Verilog MBC5

Discussion of programming and development for the original Game Boy and Game Boy Color.
Post Reply
User avatar
NovaSquirrel
Posts: 483
Joined: Fri Feb 27, 2009 2:35 pm
Location: Fort Wayne, Indiana
Contact:

Verilog MBC5

Post by NovaSquirrel »

Code: Select all

module MBC5
  (
    input not_reset,
    input not_cs,
    input not_wr,
    input [7:0] data,          // data bus value
    input [3:0] address,       // top 4 bits of address
    output [8:0] out_rom_bank, // 9-bit ROM bank to use
    output reg [3:0] ram_bank, // 4-bit RAM bank to use
    output out_ram_enable      // active low RAM enable
  );
  reg [8:0] rom_bank;        // currently selected ROM bank
  reg ram_enable;            // is RAM enabled?

  always@(posedge not_wr or negedge not_reset) begin // may need negedge instead?
    if (!not_reset) begin
      ram_enable <= 0;
      rom_bank <= 1;
      ram_bank <= 0;
    end
    else if(!not_wr) begin
      case(address) // select based on top 4 bits of address
        0, 1:
          ram_enable <= data == 8'h0a;
        2:
          rom_bank[7:0] <= data;
        3:
          rom_bank[8] <= data[0];
        4, 5:
          ram_bank <= data[3:0];
        // anything 6 or above ignored
        endcase
     end
  end

  // select fixed bank or switchable bank
  assign out_rom_bank = address[2] ? rom_bank : 0;
  // select external RAM at 0xA000 - 0xBFFF
  assign out_ram_enable = !(ram_enable && address[3:1] == 3'b101);
endmodule
I don't know if the lack (is there one? Tepples keeps mentioning it) of >32KB Game Boy boards is because of a lack of open MBC implementations or some other reasons, but I really doubt it's a cost problem because the parts to implement a mapper are so cheap. In any case, here's a (public domain) MBC5 I wrote, that works in simulation at least. I'm not entirely confident in the clocking being correct, or what the reset values should be, but it should hopefully only require minor changes. It easily fits in an Xilinx XC9536XL, using 24 of the 36 macrocells.
Last edited by NovaSquirrel on Tue Jun 19, 2018 1:27 pm, edited 1 time in total.
lidnariq
Posts: 11429
Joined: Sun Apr 13, 2008 11:12 am

Re: Verilog MBC5

Post by lidnariq »

Of all the MBCs, even the MBC5 is really quite simple; it's almost something you can build in discrete 74xx logic (QFN parts) and fit inside a DMG shell.

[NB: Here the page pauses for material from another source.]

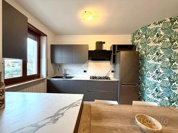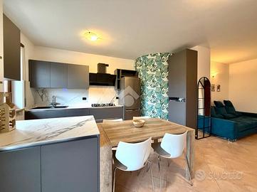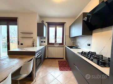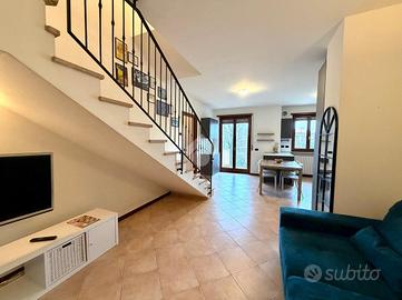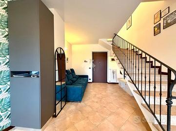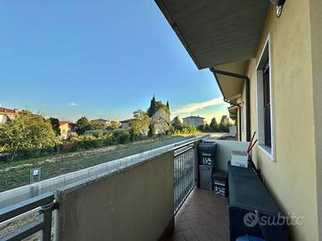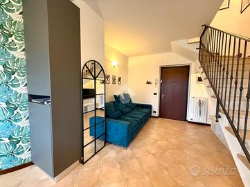 SOMMACAMPAGNA - Proponiamo in vendita un appartamento trilocale su due livelli, ideale per chi cerca comfort e funzionalità, situato al piano primo, all'interno di una via chiusa. L'immobile viene venduto completamente arredato con mobili su misura. Al piano principale, l'appartamento offre un ampio soggiorno con cucina open space che affacciano su uno spazioso balcone, perfetto per momenti di convivialità, un servizio finestrato con doccia e un pratico disimpegno dove è presente una zona lavanderia. Salendo al piano superiore, si trovano una spaziosa camera matrimoniale con sfogo su un terrazzo a tasca, una camera doppia con ulteriore accesso ad un balcone e un bagno finestrato. L'appartamento è dotato di aria condizionata, assicurando un ambiente confortevole in ogni stagione. Completano la proprietà una cantina e un box singolo. Questa soluzione abitativa rappresenta un'opportunità interessante per chi desidera vivere in una zona tranquilla, senza rinunciare alla vicinanza ai principali servizi e collegamenti. Libero da subito.

My hunch is what is holding back DMG carts is
1- People like DIP; DIP is mostly a nonstarter to fit inside existing DMG shells.
2- People mostly don't have nostalgia for the original DMG games (which were mostly 5V-friendly 512 KiB and smaller) but instead for the larger GBC carts, and then you have the problem of fitting a 3V ROM and logic translation inside a shell
tepples
Posts: 22705
Joined: Sun Sep 19, 2004 11:12 pm
Location: NE Indiana, USA (NTSC)
Contact:

Re: Verilog MBC5

Post by tepples »

Catskull's GB flash cart is 32K. That's not quite big enough for even a game of similar scope to the first Super Mario Land. There's plenty of room for homebrew to grow from 64K to 512K as the scene grows. And some GBC-era games are still 512K or smaller: Elmo in Grouchland, for instance, is 256K of game plus 768K of irrelevant padding.

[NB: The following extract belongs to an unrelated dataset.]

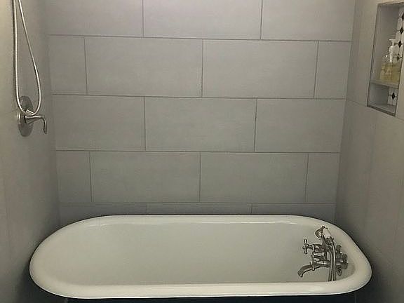 Upscale totally renovated, open and bright home with a view of downtown Asheville. Kitchen has an island and all brand new LG Appliances, including a double oven. Master bedroom with ensuite bath, and a spacious walked in closet. It also has it's own private entrance. 2nd Bathroom has refinished original 1918 Clawfoot tub in a shower space. Laundry hook up space with an extra 31sq ft of flex space room for use as an office, laundry or walk-in pantry. Big semi covered walk out patio from living area. Walking distance from AB Tech or Mission Hospital. Under patio area to park 2 cars. Nice big lot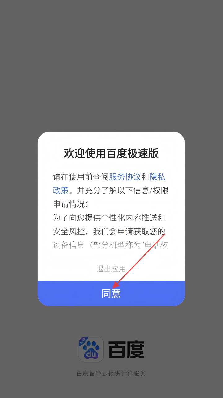 1、打开百度极速版APP,首先会弹出欢迎使用的提示框,点击【同意】。

The equivalent of UNROM/UOROM would be about two chips: a latch and a quad OR. This would allow up to 256K. And the presence of separate read and write signals on the GB cart edge means bus conflicts might be easier to avoid, allowing the cart to present a port at $2000 that allows use of a ROM on both an MBC (for emulators) and the discrete hardware. The MBC would decode the port at only $2000-$3FFF or $2000-$2FFF, with the rest devoted mostly to SRAM selection, while the simplified hardware decodes the port across all of $0000-$7FFF.
lidnariq
Posts: 11429
Joined: Sun Apr 13, 2008 11:12 am

Re: Verilog MBC5

Post by lidnariq »

tepples wrote:The MBC would decode the port at only $2000-$3FFF or $2000-$2FFF, with the rest devoted mostly to SRAM selection, while the simplified hardware decodes the port across all of $0000-$7FFF.
That really doesn't actually save you much: just decoding $2000-$2FFF vs all of $0000-$7FFF is 4 ICs vs 3 ICs.
Limit the size to 256 KiB and that only takes 2 ICs.
Drop standard MBC 16F+16 banking and you can get down to 1 IC and back up to 512 KiB. (And as memblers pointed out with GTROM, one can emulate 16F+16 at programming time given a double-size ROM anyway).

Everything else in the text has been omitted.